On Mon, Dec 06, 2010 at 05:17:24AM -0800, Avery Pennarun wrote:
>
> My understanding is that readahead() is synchronous (it reads the
> pages, then it returns), but posix_fadvise(POSIX_FADV_WILLNEED) is
> asynchronous (it enqueues the pages for reading, but returns
> immediately). The latter is the behaviour I want. However, AFAICT
> the latter function is running synchronously - it does exactly the
> same thing as readahead() - which kind of defeats the point. I've
> searched around in Google and everybody seems to claim that this
> function really does work in the background as it should, so I'm
> mystified.
readahead and posix_fadvise(POSIX_FADV_WILLNEED) work exactly the same
way, and in fact share mostly the same code path (see
force_page_cache_readahead() in mm/readahead.c).
They are asynchronous in that there is no guarantee the pages will be
in the page cache by the time they return. But at the same time, they
are not guaranteed to be non-blocking. That is, the work of doing the
readahead does not take place in a kernel thread. So if you try to
request I/O than will fit in the request queue, the system call will
block until some I/O is completed so that more I/O requested cam be
loaded onto the request queue.
The only way to fix this would be to either put the work on a kernel
thread (i.e., some kind of workqueue) or in a userspace thread. For
an application programmer wondering what to do today, I'd suggest the
latter since it will be more portable across various kernel versions.
This does leave the question about whether we should change the kernel
to allow readahead() and posix_fadvise(POSIX_FADV_WILLNEED) to be
non-blocking and do this work in a workqueue (or via some kind of
callback/continuation scheme). My worry is just doing this if a user
application does something crazy, like request gigabytes and gigabytes
of readahead, and then repents of their craziness, there should be a
way of cancelling the readahead request. Today, the user can just
kill the application.

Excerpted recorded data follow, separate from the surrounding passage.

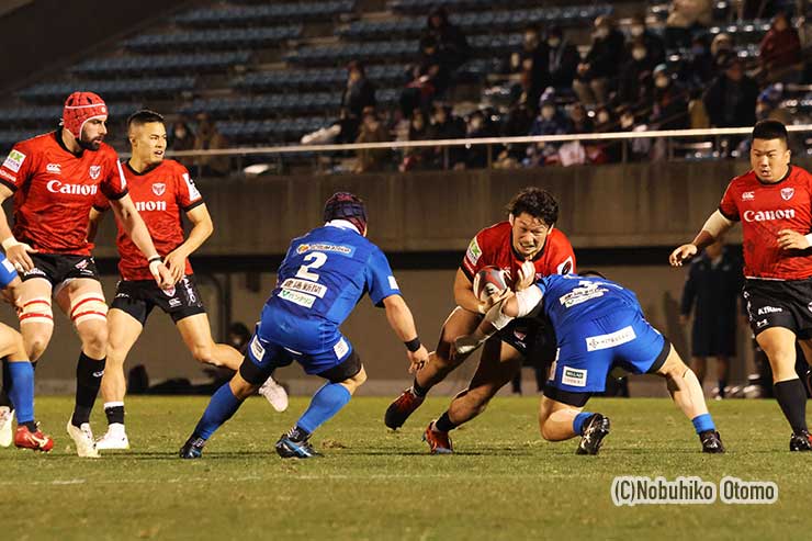 ラグビーリーグワン・ディビジョン1、4位の横浜キヤノンイーグルスは、秩父宮ラグビー場で静岡ブルーレヴズと対戦。前節のヴェルブリッツ戦を39-7したイーグルス。対するブルーレヴズはここまで2勝となかなk勝ちきれない試合が続いている。戦前はイーグルス優位かと思われた試合は、最後の最後までもつれる接戦となった。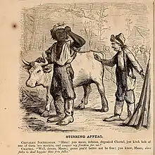 Slave uprisings were a constant fear of slaveholders before and during the war. A slave insurrection was planned in Adams County, Mississippi, which was uncovered in the summer of 1861 leading to widespread punishment of enslaved people in the area.[27] In June 1861, an aborted insurrection occurred in St. Martin's Parish, Louisiana, which resulted in the arrest of forty enslaved black people and the arrest of two white men who led the uprising, one of who was arrested and the other who escaped. In August 1861, a possible uprising in Jefferson County, Alabama involving possibly 400 enslaved people was put down. Slaveholders in mountainous country particular feared uprising as the terrain made it harder for them to monitor the people they enslaved.[28]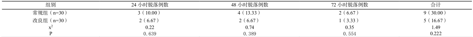 尽管改良组腕带脱落率低于常规组,但差异无统计学意义。可能原因包括:①样本量较小,统计效力不足; ② 橡皮筋佩戴方式需进一步优化固定方法,以增强稳定性。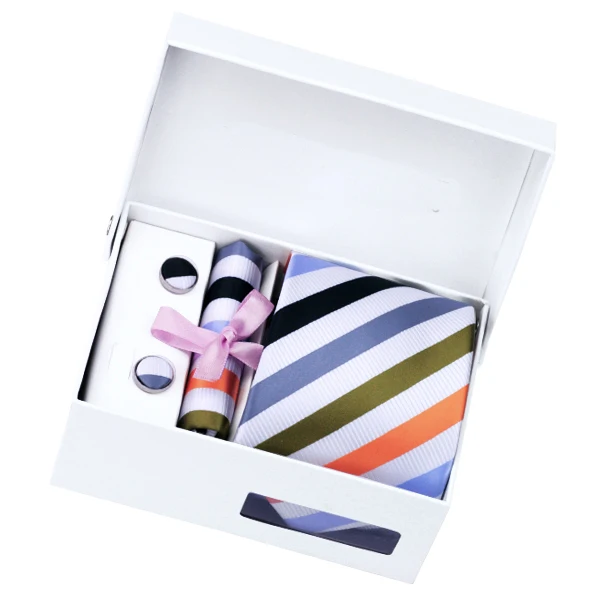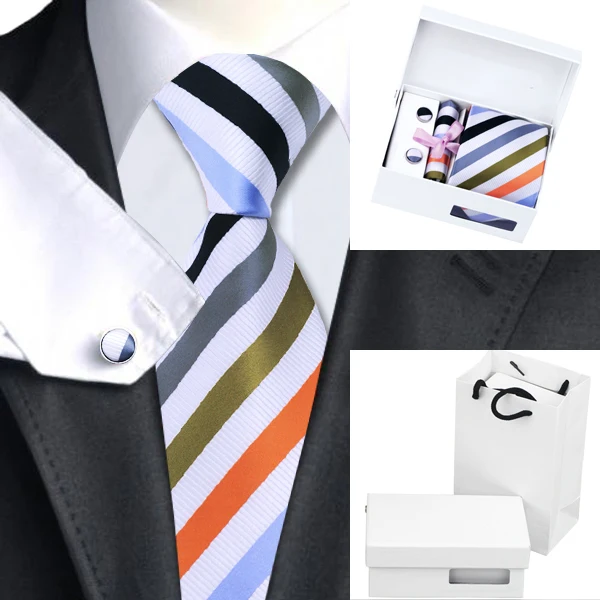 상품 내용 ![]() HN-1090 화이트 오렌지 블랙 참신 넥타이 손수건 커프스 선물 상자 가방 세트 남성 100% 실크 넥타이 웨딩 파티 신랑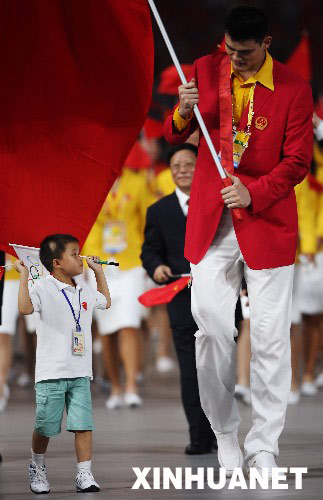 這是8月8日,中國(guó)代表團(tuán)旗手姚明和九歲半的抗震救災(zāi)小英雄林浩一起入場(chǎng)。當(dāng)晚8時(shí),第29屆夏季奧林匹克運(yùn)動(dòng)會(huì)在國(guó)家體育場(chǎng)——“鳥(niǎo)巢”隆重開(kāi)幕。 新華社發(fā)(資料照片)
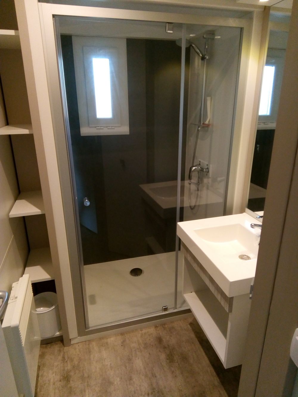 Une salle d'eau avec douche, lavabo avec eau chaude et étagères de rangement. WC séparés

But if we simply shove the work to a kernel
thread, it becomes a lot harder to cancel the readahead request. We'd
have to invent a new API, and then have a way to know whether the user
has access to kill a particular readahead request, etc.
- Ted
P.S. Yes, I know force_page_cache_readahead() doesn't currently have
a check for signal_pending(current) to break out of its loop. But it
should, and that's a fixable problem. The problem with pushing
readahead work into kernel thread is a conceptual one; our current
API's give no way cancelling the readahead request today.